If you’re creating a new runner (execution stack) follow the docs under benchmark_runners/. If you’re adding a new benchmark dataset for an existing runner (e.g., CVDP), see src/datasets/builders/README.md for the builder workflow and required folder layout.

Note: results/ is its own git repository so teams can share benchmark data independently of the main codebase.

2. Create Python Environment

Use a dedicated virtual environment so poRTLe’s dependencies stay isolated:

python3 -m venv .venv
source .venv/bin/activate        # macOS/Linux
# .\.venv\Scripts\activate        # Windows PowerShell
pip install --upgrade pip
pip install -r requirements.txt

Reactivate .venv in every new shell and run deactivate when you are finished.

3. Set Up Results Directory

Copy the example results to initialize the results directory:

cp -r results_example/. results/

4. Launch the UI Shell

Start Streamlit to drive most workflows through the graphical interface:

streamlit run src/ui/portle_ui.py

Open http://localhost:8501 (the app may take a few seconds to load on first launch).

Tip: Most operations can be performed directly inside the UI instead of running Python scripts manually.

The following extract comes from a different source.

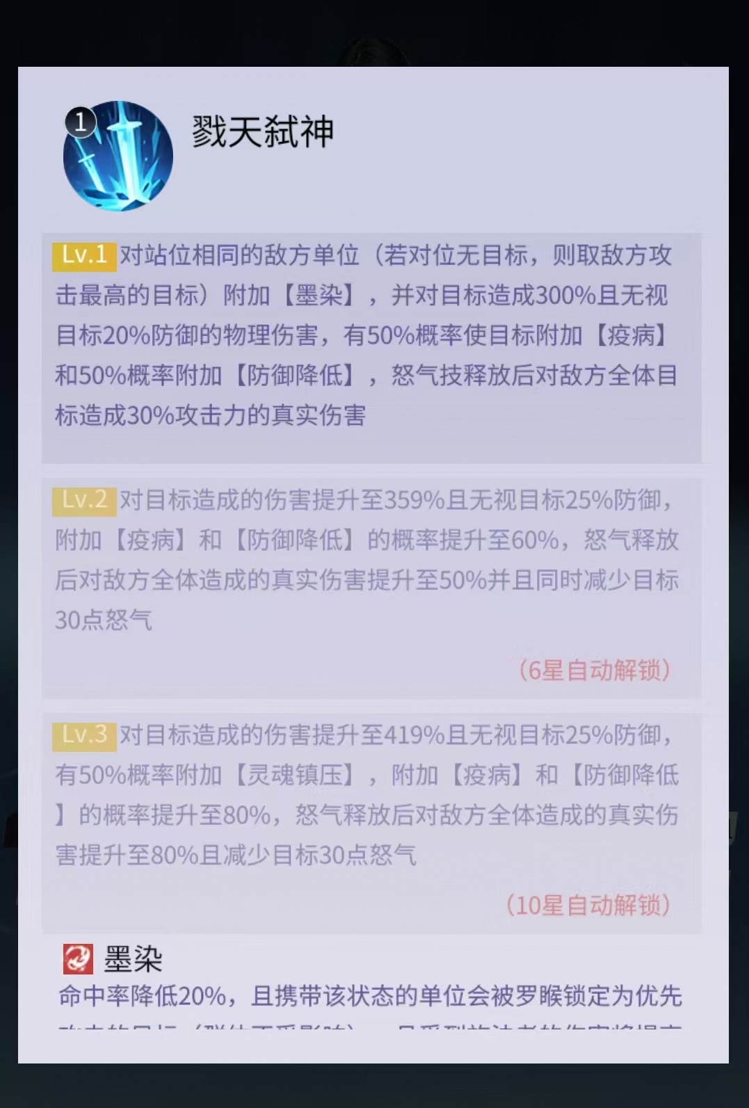 罗睺的核心机制围绕“墨染”状态构建。其一技能可对同排敌方单位施加墨染效果,造成高额物理伤害并无视部分防御值;命中后有概率附加疫病(持续掉血)与防御降低两重减益。墨染状态不仅削弱目标命中率,更会强制罗睺在后续行动中优先锁定该目标。当怒气值满时释放怒气技,可对敌方全体造成一次真实伤害,规避所有防御类减免,实现稳定输出穿透。
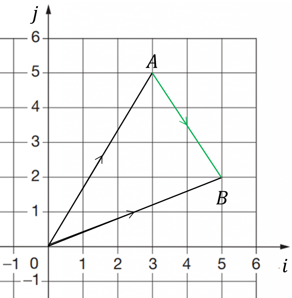 Using the diagram on the right, we can see the position vector of point A=3\boldsymbol{i}+5\boldsymbol{j} and the position vector of point B=5\boldsymbol{i}+2\boldsymbol{j}

5. Run Benchmarks and View Results

Note: You must have your Docker daemon running in the background for this to work.

Run the Example Agent

Start with the example agent to verify your setup:

UI path: In Commands ▸ Run Benchmark, select the cvdp_example benchmark and the example agent, configure options (background execution, task filters, execution mode), then click Run Benchmark. Monitor progress in the Process Monitor tab. Afterwards, explore results in the Plots tab (double-click cells for drill-down) or the Search tab for database queries.

CLI alternative: Configure and execute the dataset runner:

cp src/run_example.yaml src/run.yaml        # configure once
python src/run_dataset.py

Run the OpenCode Agent

Once you've verified the example agent works, try the OpenCode agent:

First, follow the setup instructions in agents/opencode-agent/README.md to configure your API key.
Then run benchmarks using the opencode agent in the UI or CLI.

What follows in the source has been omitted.